▸ **EXERCISE BRIEF**
Every line from the top of the records through the one bearing "looking at viewer, solo, blue" is to be reproduced exactly, and pictures are to be left out.

▸ **Records excerpted from a collection**
——

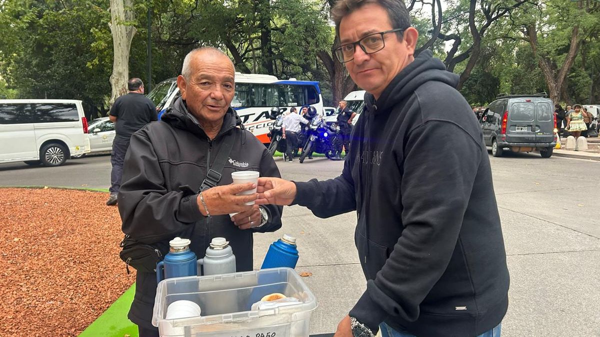 Isidro Jorge Álvarez llegó desde Carrodilla. “Me levanté a las 5 y salí para acá con el café y las tortitas, que se venden a dos mil pesos el combo”, contó.
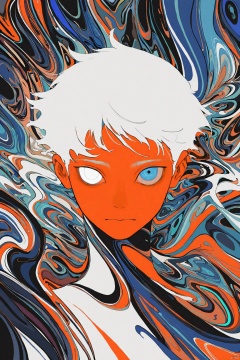 looking at viewer, solo, blue eyes, abstract, 1boy, 1other, male focus, white hair, short hair, closed mouth, colored skin, white eyes, upper body, surreal
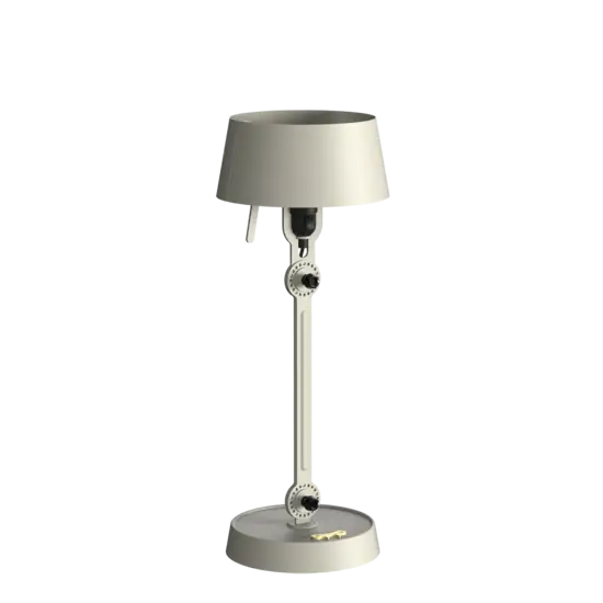 Tonone Bolt Table Small er et design af Anton de Groof. Den robuste industrielle lampeserie BOLT er genkendelig ved funktionalitet i form, rene linjer og vingemøtrikkens ikoniske hovedrolle. Bolt-serien fås i 29 modeller. De Bolt Table Small er kendetegnet ved en justerbar pulverlakeret stålarm og en åben skærm lavet af pulverlakeret aluminium. Den åbne skærm sikrer en flot lysfordeling. Bordlampen er justerbar 2 steder med vingemøtrikken. Lampen kan drejes og har en tung fod. Den massive messingvingemøtrik medfølger. Udover at være et funktionelt hjælpemiddel er vingemøtrikken integreret i lampens design og er et karakteristisk visuelt element. Tonone Bolt-serien fås i 11 farver: Smokey Black, Flux Green, Pure White, Ash Grey, Midnight Grey, Lightning White, Striking Orange, Thunder Blue, Daybreak Rose, Sunny Yellow og Ice Blue.
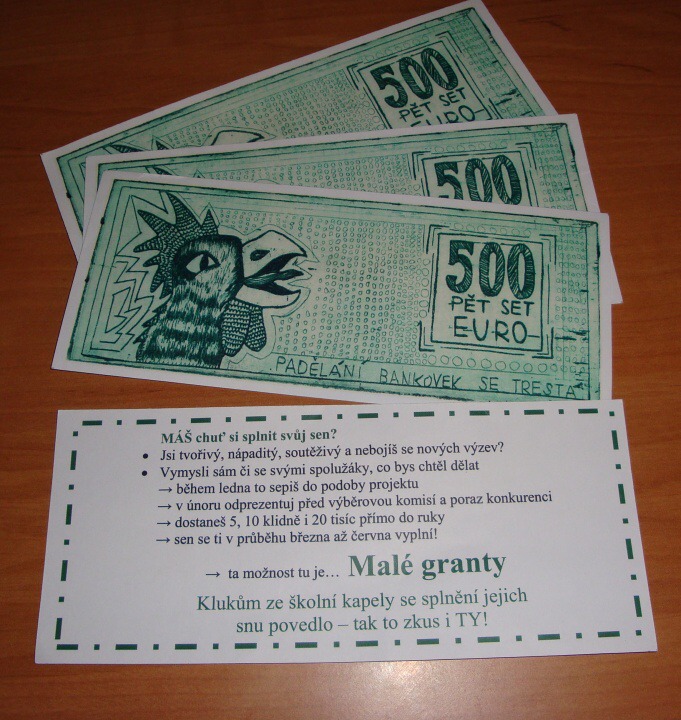 Celou situaci musela objasnit až paní učitelka Soukalová – všichni přítomní žáci se tak poprvé dozvěděli o projektu MALÉ GRANTY, který se od onoho okamžiku na Hotelové škole v Poděbradech „rozjel“.
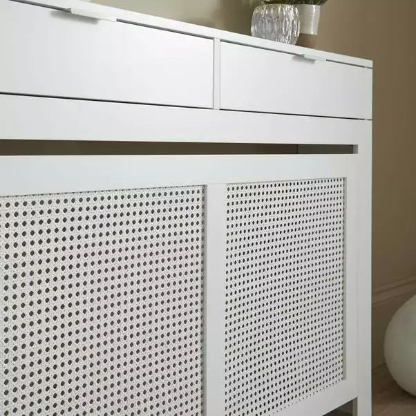 This radiator cover makes a stylish and practical addition to your living space, featuring a trendy rattan front with sleek satin surround. The Palermo radiator cover is also practical and functional, with the two drawer panels on top for additional storage. Perfect for creating a superb focal feature and creating a protective barrier against the hot surface.
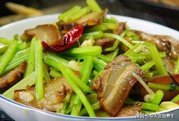 第五步:在平底锅中加热油。油烧开后,加入切好的葱花、姜丝和干辣椒炒香,然后倒入腊肉。第六步:腊肉炒至变色,倒入适量生抽炒匀,继续倒入芹菜,撒适量盐,炒匀即可食用。

——

▸ **OUTPUT FOR THIS EXERCISE**
 Isidro Jorge Álvarez llegó desde Carrodilla. “Me levanté a las 5 y salí para acá con el café y las tortitas, que se venden a dos mil pesos el combo”, contó.
 looking at viewer, solo, blue eyes, abstract, 1boy, 1other, male focus, white hair, short hair, closed mouth, colored skin, white eyes, upper body, surreal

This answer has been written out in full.